··· Dataset records ···

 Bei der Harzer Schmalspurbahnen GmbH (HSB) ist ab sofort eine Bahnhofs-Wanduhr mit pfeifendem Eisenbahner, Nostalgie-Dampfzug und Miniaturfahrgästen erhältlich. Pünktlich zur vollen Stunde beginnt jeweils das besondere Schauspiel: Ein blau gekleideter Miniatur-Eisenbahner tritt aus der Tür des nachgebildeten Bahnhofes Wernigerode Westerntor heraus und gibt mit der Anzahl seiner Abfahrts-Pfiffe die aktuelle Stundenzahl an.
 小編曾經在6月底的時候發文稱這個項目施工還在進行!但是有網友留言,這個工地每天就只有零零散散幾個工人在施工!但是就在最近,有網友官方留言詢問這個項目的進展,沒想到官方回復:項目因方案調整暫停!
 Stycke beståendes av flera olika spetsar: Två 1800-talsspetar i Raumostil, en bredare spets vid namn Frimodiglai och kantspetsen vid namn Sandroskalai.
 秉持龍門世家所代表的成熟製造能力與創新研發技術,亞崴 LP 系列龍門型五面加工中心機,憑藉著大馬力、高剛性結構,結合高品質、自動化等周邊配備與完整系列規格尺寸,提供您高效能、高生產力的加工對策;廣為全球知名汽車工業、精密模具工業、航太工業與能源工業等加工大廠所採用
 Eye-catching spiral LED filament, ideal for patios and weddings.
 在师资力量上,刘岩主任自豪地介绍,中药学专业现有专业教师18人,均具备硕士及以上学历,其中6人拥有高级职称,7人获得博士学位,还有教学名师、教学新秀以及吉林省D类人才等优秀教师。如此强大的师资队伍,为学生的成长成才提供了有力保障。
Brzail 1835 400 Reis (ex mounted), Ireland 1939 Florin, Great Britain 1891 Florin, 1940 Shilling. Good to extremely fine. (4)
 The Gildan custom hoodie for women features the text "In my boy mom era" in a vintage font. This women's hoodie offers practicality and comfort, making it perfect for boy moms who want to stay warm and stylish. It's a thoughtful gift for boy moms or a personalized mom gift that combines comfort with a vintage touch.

···
··· Dataset records ···

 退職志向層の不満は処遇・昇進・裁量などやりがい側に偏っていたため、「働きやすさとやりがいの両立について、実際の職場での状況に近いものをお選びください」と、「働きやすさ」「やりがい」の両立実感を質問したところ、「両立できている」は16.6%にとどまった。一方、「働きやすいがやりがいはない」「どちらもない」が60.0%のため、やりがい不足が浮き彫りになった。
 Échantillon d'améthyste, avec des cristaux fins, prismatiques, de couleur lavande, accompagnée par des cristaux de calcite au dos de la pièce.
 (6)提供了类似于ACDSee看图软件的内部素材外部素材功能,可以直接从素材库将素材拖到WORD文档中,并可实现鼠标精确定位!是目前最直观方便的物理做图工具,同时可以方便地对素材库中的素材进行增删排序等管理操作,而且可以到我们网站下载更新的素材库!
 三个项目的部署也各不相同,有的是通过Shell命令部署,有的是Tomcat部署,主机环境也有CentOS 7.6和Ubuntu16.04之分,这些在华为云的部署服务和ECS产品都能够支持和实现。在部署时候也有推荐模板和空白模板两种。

···

● **Work to complete**: Only the lines above starting at the one containing "Eye-catching spiral LED" and ending at the one containing "The Gildan custom", both included, are to be returned, exactly as they read.

● **Output below**:
 Eye-catching spiral LED filament, ideal for patios and weddings.
 在师资力量上,刘岩主任自豪地介绍,中药学专业现有专业教师18人,均具备硕士及以上学历,其中6人拥有高级职称,7人获得博士学位,还有教学名师、教学新秀以及吉林省D类人才等优秀教师。如此强大的师资队伍,为学生的成长成才提供了有力保障。
Brzail 1835 400 Reis (ex mounted), Ireland 1939 Florin, Great Britain 1891 Florin, 1940 Shilling. Good to extremely fine. (4)
 The Gildan custom hoodie for women features the text "In my boy mom era" in a vintage font. This women's hoodie offers practicality and comfort, making it perfect for boy moms who want to stay warm and stylish. It's a thoughtful gift for boy moms or a personalized mom gift that combines comfort with a vintage touch.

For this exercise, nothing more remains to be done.